Low battery levels can track online activity; research
Researchers discovered that website owners could use HTML5 Battery Status API for digital marketing purposes
Security researchers from Princeton University discovered that low battery levels could be used to track a user's online activity.
Researchers, Steve Engelhard and Arvind Narayanan, sourced one million websites and found there have been occasions where websites have used HTML5 Battery Status API to track online activity.
The HTMl5 Battery Status enables web owners to provide users with ‘low power' versions of their site or app, this is a web standard.
The Princeton researchers created a web privacy-tracking tool dubbed openWPM, and found two tracking scripts that use Battery Status API information to track devices. Furthermore, they added that "existing privacy applications are not effective enough in detecting newer fingerprinting techniques."
However Engelhard and Narayanan admitted that the are not sure what the information is being used for, but could perhaps target users with digital marketing.

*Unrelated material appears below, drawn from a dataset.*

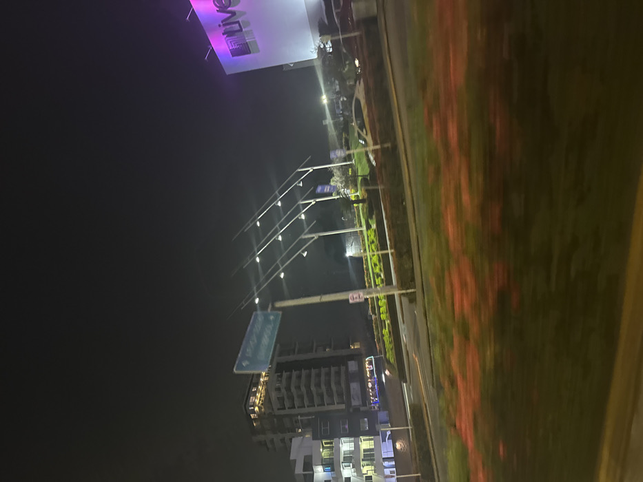 A nighttime cityscape features a high-rise building illuminated with multiple lights. Above it, a green highway sign is partially visible. Adjacent to the road, there's a well-maintained green median strip. Further along, multiple light poles are arranged. A large billboard with the word "Live" in colorful lettering is positioned at the top of the frame. The sky is dark and blurry, suggesting a moving camera.

This is not the first time this subject has hit the spotlight; in 2015 security researchers warned that HTML Battery Status API enables websites owners to access battery status information of a mobile device or laptop and how long it will take to die or recharge to full capacity.
"Some companies may be analysing the possibility of monetising the access to battery levels," Lukasz Olejnik, a researcher who examined the battery status API's potential privacy issues in 2015, wrote in a blog post. "When battery is running low, people might be prone to some - otherwise different - decisions. In such circumstances, users will agree to pay more for a service."